Based in Chicago, Omerisms is a blog by Omer Abdullah. His posts explore Ideas, perspectives and points of view across business, sales, marketing, life and (sometimes) football (the real kind).

When Not Having Enough Is A Good Thing

When Not Having Enough Is A Good Thing

pixabay.com

pixabay.com

When I left consulting about a decade and a half ago, I went from an environment where I had plenty of support structures and resources at my disposal, to what was essentially me, a laptop and a desk in my home office.

It was a massive shift, and one that required me to rethink what I focused on and how I got things done.

Especially since we chose to bootstrap the business. As such, every dollar had to be carefully allocated and spent.

Which meant that I couldn’t rely on anyone to get things done for me, I’d have to figure it out for myself. Everything from sales to marketing to accounting to client issue resolution. From strategic stuff such as what messages to send out to a specific prospect, to tactical things such as how to get the best deal on a car rental for a business trip.

That’s what entrepreneurs sign up for when we decide to leave the confines of an established entity to go chase down a dream. It’s par for the course (unless you’re a well funded venture from the get-go).

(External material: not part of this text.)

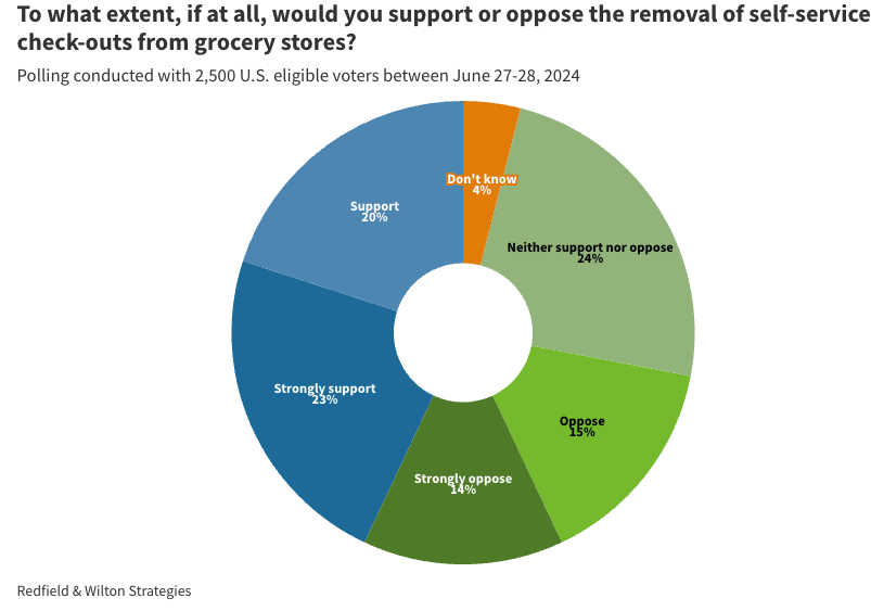The survey, conducted in late June among 2,500 U.S. voters, found that the main reason for disliking self-checkouts is job loss (62%), followed by a preference for personal interaction (40%) and the inconvenience of machines not accepting cash (27%).

And while it’s undoubtedly an arduous path, the bootstrappers’s poverty of resources is actually one of his or her biggest assets.

When you don’t have an accounting team to carry your load, you’re forced to learn the fundamentals of how the accounts are pulled together, and every line item that impacts your profitability.

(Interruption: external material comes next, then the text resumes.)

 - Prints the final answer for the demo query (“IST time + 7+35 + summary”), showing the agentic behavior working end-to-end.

When you don’t have a marketing team, you’re forced to think hard about the types of cost-effective (or free) marketing tools you can leverage, the content you need to produce and how each cog in that marketing wheel tangibly drives sales (or doesn’t).

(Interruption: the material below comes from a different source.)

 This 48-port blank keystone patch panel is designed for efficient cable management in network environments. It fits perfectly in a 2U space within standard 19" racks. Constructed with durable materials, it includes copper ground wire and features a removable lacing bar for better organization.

When you don’t have a lead generation engine, you’re forced to think creatively about how you reach out to clients, what you say, how you show value and how you need to work to close a deal.

It is, in fact, the entrepreneur’s poverty of resource that drives efficiency, that drives innovation, that forces one to usurp the status quo.

It’s what ensures that the entrepreneur develops a fundamental, intrinsic understanding of the business, so that when the business does scale and grow (to whatever extent they want it to), they know what they’re delegating, outsourcing and out-tasking. They know what it takes to get things done.

In this sense, not having enough isn’t a bad thing. It’s a forcing mechanism - one that ensures careful self-selection of those committed to the cause versus those who don’t. It’s a mechanism for discipline, ensuring that you’re focused on maximum impact for the effort that you’re putting in. It’s a mechanism for efficiency and, at the same time, creativity, as you try and wring maximum value out of every last dollar.

The bottom line is, poverty of resource is an essential aspect of the entrepreneurial journey. And far from being a crutch, it is actually one of the entrepreneur’s biggest strengths.